Click here to play Earl's video.

  

Stephanie Saroki, Seton Education Partners.  Stephanie Saroki was awarded a Fellowship from The Mind Trust to launch Seton Education Partners, a new non-profit working to help struggling urban Catholic schools find alternatives to school closure. Nationwide, large numbers of Catholic schools serving disadvantaged students in our inner cities are closing because of financial challenges. Seton Education Partners will help ensure that students in Catholic schools that close – as well as other local students – continue to have access to high-quality educational options. Seton Education Partners will focus initially on two strategies.
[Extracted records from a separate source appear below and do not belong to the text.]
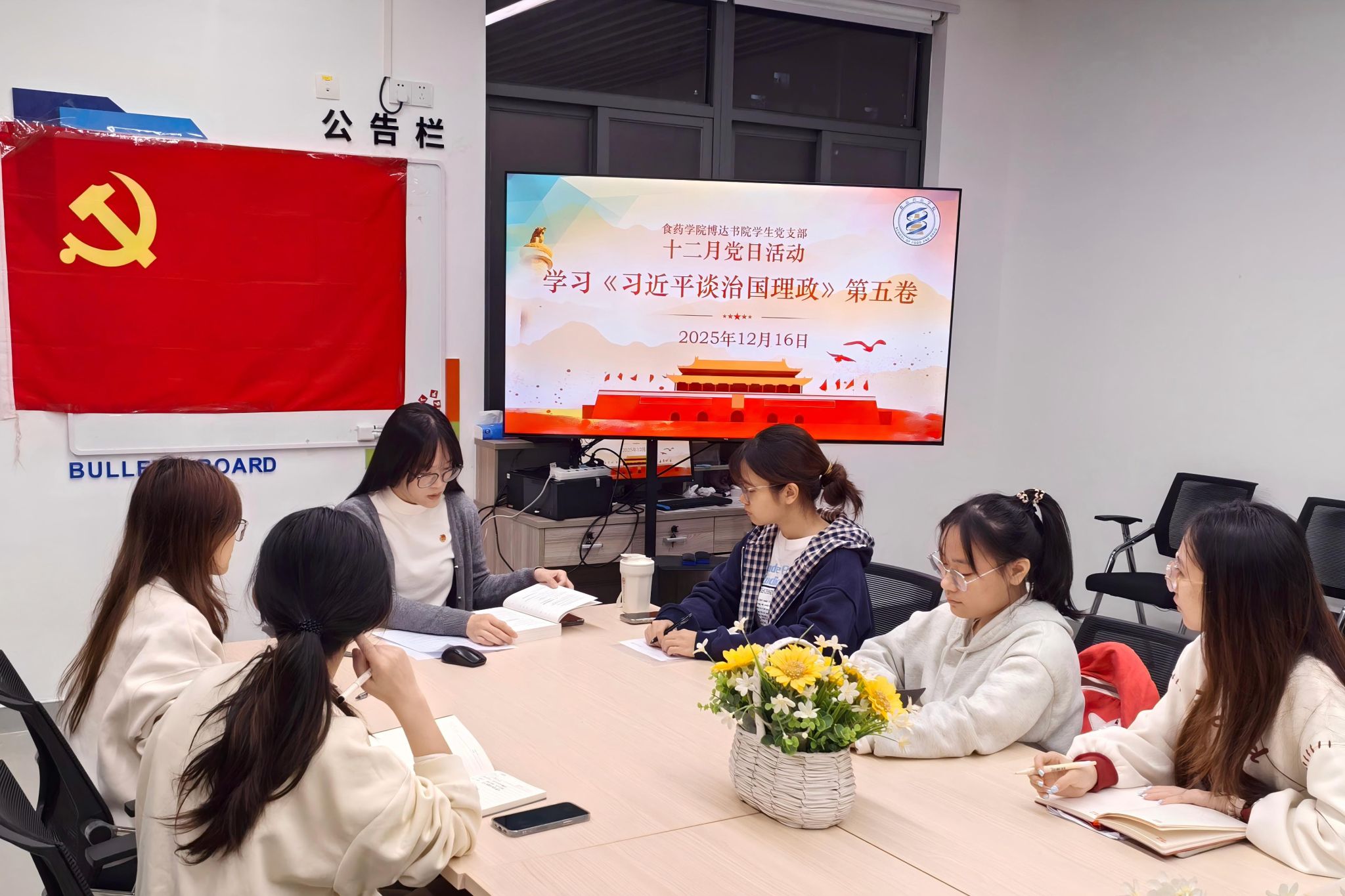 12月16日,食药学院博达书院学生党支部召开专题交流研讨会,围绕《习近平谈治国理政》第五卷内容展开系统学习与深入研讨。会议由支部书记康清越主持并领学,支部全体学生党员参与学习,结合自身实际交流心得,凝聚思想共识,强化使命担当。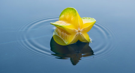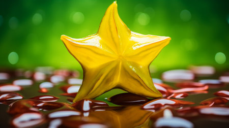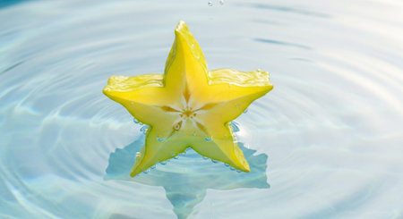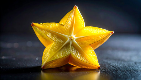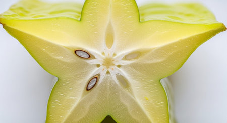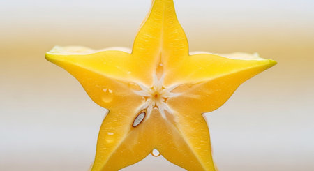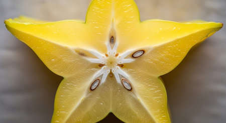 Vibrant Starfruit Slice, Isolated on Yellow, Tropical Fruit, Star Shape, Healthy Snack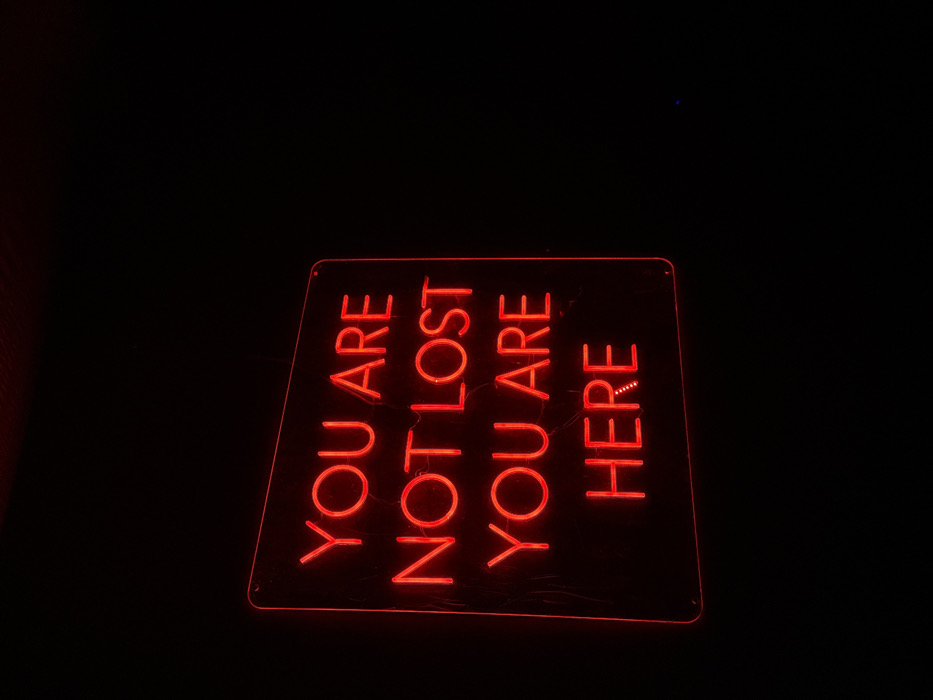 - "A rectangular red neon sign is prominently displayed against a dark, featureless background, likely an interior wall" by FM-6aVsN2, licensed under CC BY 4.0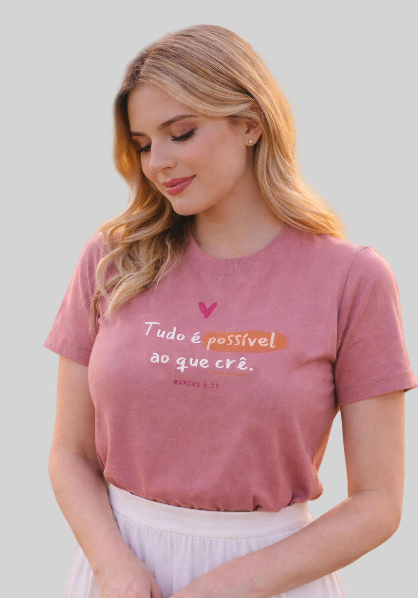 T-SHIRT FEMININA - MARCOS 9:23 TUDO É POSSÍVEL - COR ROSA CLARO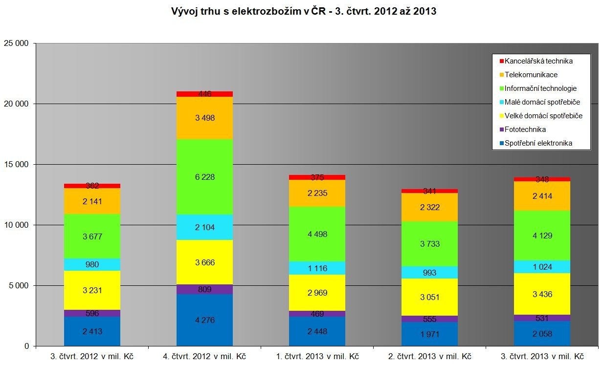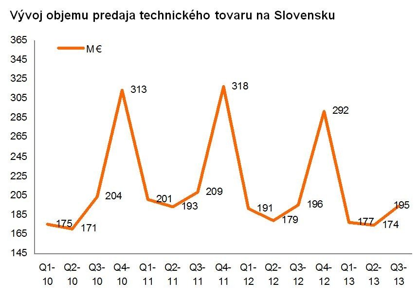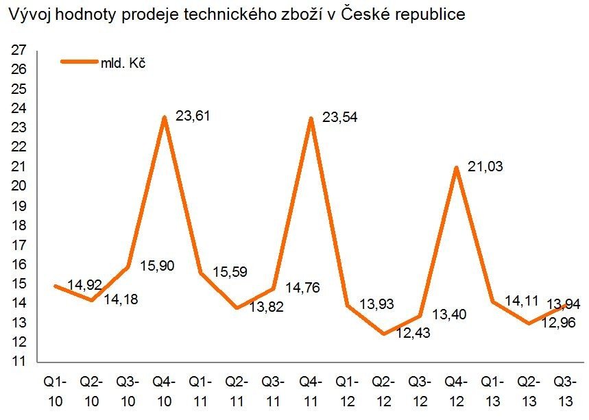 Ve třetím čtvrtletí roku 2013 se tempo růstu obratu trhu technického spotřebního zboží v ČR meziročně zvýšilo na více než 4 %. Na Slovensku naopak došlo k téměř 4% poklesu.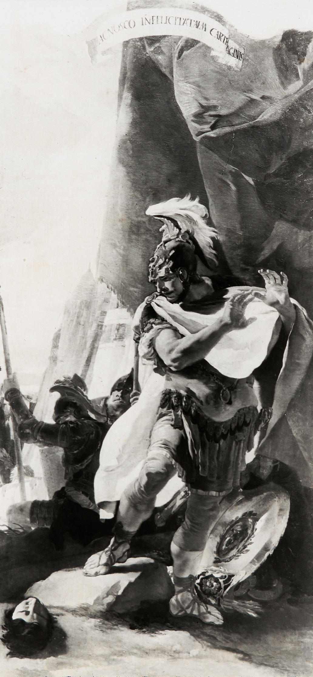 Giovanni Battista Tiepolo lebte von 1696 bis 1770. "Hannibal erkennt den Kopf seines Bruders Hasdrubal" zeigt den Kriegsherrn Hannibal, der den abgetrennten Kopf von Hasdrubal am Boden liegen sieht. Das Gemälde wurde gemalt für den Palazzo Dolfin in Venedig. Heute befindet es sich im Kunsthistorischen Museum in Wien.

First, it will provide guidance and technical assistance to Catholic parishes, dioceses, and independent religious orders considering leasing space to secular public charter schools and/or converting existing Catholic schools into public charter schools. Second, it will design and launch new secular public charter school models that provide underserved children with an academically excellent and character-building education.

 

Jesse Hahnel, Foster Youth Education Initiative.  Jesse Hahnel was awarded The Mind Trust Fellowship to develop and grow the Foster Youth Education Initiative, a project to ensure foster youth receive the educational advocacy and opportunities they need for academic success. Foster youth have some of the poorest educational outcomes of any group of students nationwide: they are more likely to perform below grade level, to have been held back, to drop out of high school and to have higher rates of absenteeism and disciplinary referrals than their peers. Approximately 25% of former foster children experience homelessness and/or incarceration at some point in their lives; 33% receive public assistance; and unemployment rates top 50%. Communities across the U.S. desperately need improved strategies to better serve these vulnerable young people. The Foster Youth Education Initiative leverages existing resources and facilitates cooperation among local agencies and public interest organizations to develop education advocacy systems. These systems identify foster youth showing early signs of academic setbacks (e.g. absences, poor grades) and ensure these children have strong educational advocates: adults monitoring their educational progress and speaking up on their behalf should they fail to receive the opportunities they need to succeed in school.


 

"If you have what it takes to transform public education, Indianapolis is where you want to be. The Mind Trust’s Fellowship is an unprecedented opportunity to take your great idea and make it happen.”